Le président de Ford, Jinm Farley, affirme que la Chine peut mettre à mal l’industrie automobile américaine

Jim Farley, PDG de Ford Motor Company, n’y va pas par quatre chemins : les constructeurs chinois représentent aujourd’hui la plus grande menace pour l’industrie automobile américaine, bien plus encore que ne l’ont été les Japonais il y a 40 ans.
Dans une entrevue accordée à Business Insider, Farley a affirmé que les marques chinoises ont désormais une avance technologique considérable dans le domaine des véhicules électriques (VÉ) et qu’elles disposent de la capacité de production nécessaire pour inonder le marché nord-américain.
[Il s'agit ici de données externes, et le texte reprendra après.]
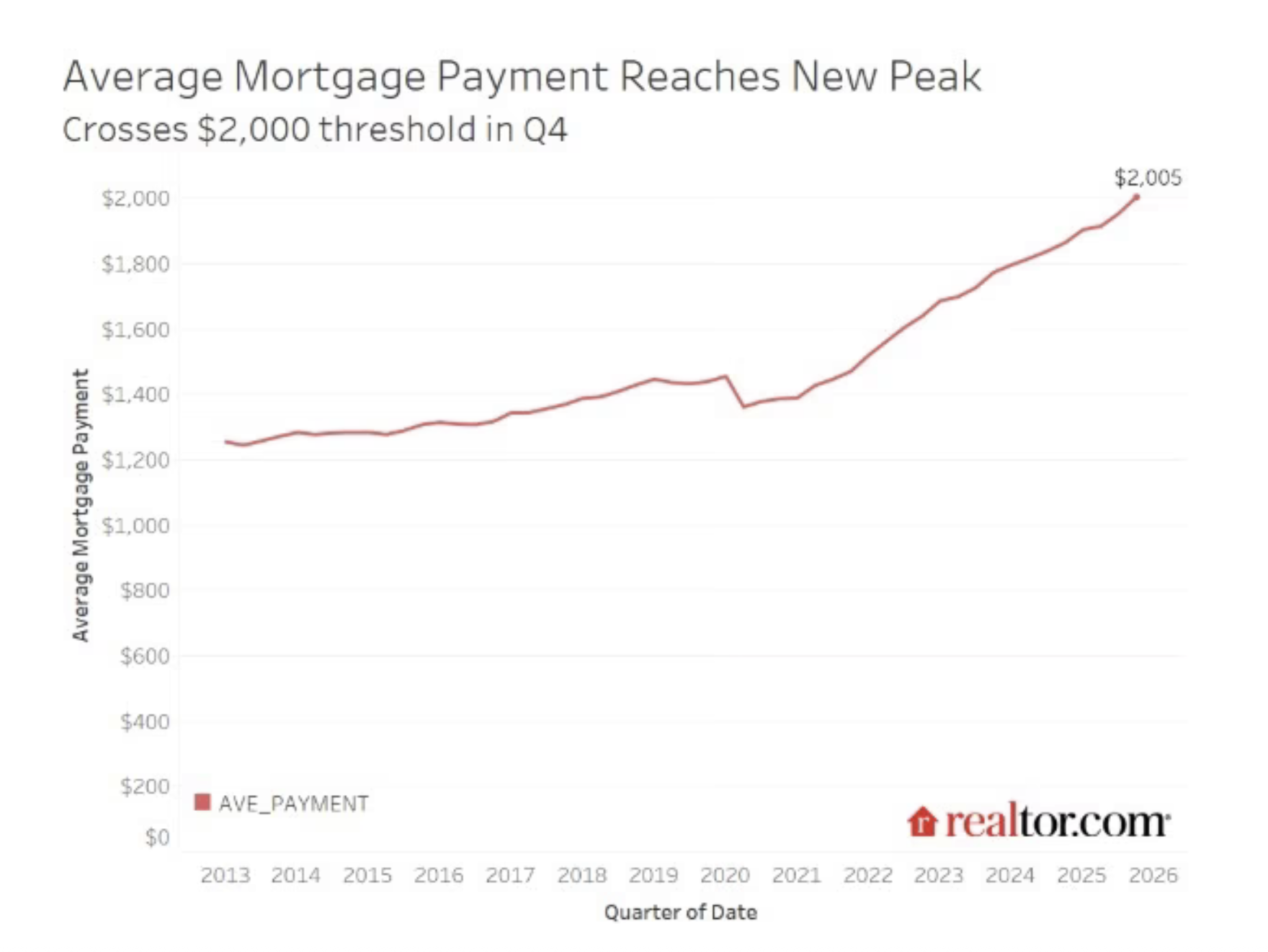 NEW YORK — The average monthly mortgage payment for U.S. homeowners surpassed $2,000 for the first time at the end of 2025, underscoring the continued strain from high home prices and elevated interest rates, according to a report by Realtor.com.

Une puissance industrielle impossible à ignorer

Au début des années 1980, le Japon produisait plus de 11 millions de véhicules par an, ce qui avait poussé l’administration Reagan à imposer des limites d’importation volontaires. Mais aujourd’hui, la situation est bien plus critique, selon Farley. La Chine possède une capacité de production et une avance technologique sans précédent, soutenue par des géants comme BYD, Geely, Xiaomi et Huawei. Même si les véhicules électriques chinois sont bannis du marché américain en raison de tarifs douaniers élevés et de restrictions sur les composants électroniques, le patron de Ford estime que ce bouclier commercial ne pourra pas durer éternellement.

La supériorité technologique des constructeurs chinois

Farley admet sans détour avoir testé une Xiaomi SU7 au quotidien — non pas comme un coup de pub, mais par réelle admiration pour la qualité de son interface et son intégration technologique.
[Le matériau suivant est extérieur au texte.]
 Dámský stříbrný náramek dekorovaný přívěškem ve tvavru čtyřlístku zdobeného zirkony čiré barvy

Le marché américain reste protégé… pour l’instant

Grâce aux tarifs douaniers imposés durant l’ère Trump et à l’interdiction de certaines technologies chinoises, les constructeurs américains bénéficient encore d’une certaine protection. Cependant, Farley prévient que le protectionnisme ne suffira pas à long terme. Les marques chinoises exportent déjà massivement en Europe, en Amérique latine et en Afrique, construisant une avance commerciale et technologique difficile à rattraper.

Les véhicules électriques : une croissance inévitable

Aux États-Unis, la demande pour les VÉ a ralenti à cause du retrait du crédit d’impôt fédéral de 7 500 $, mais Ford prévoit un rebond à court terme. Farley estime que les VÉ représenteront bientôt 5 % du marché américain, un chiffre appelé à grimper à mesure que les modèles plus abordables feront leur entrée et que les consommateurs réaliseront la maturité de la technologie.

Conclusion

Le message du PDG de Ford est clair : l’industrie automobile nord-américaine doit se réveiller. La Chine n’est plus un simple concurrent émergent, mais un géant industriel capable de renverser l’équilibre mondial. Pour survivre, Ford et les autres marques américaines devront accélérer leur virage technologique, réduire leurs coûts de production et miser sur l’innovation logicielle autant que sur la mécanique.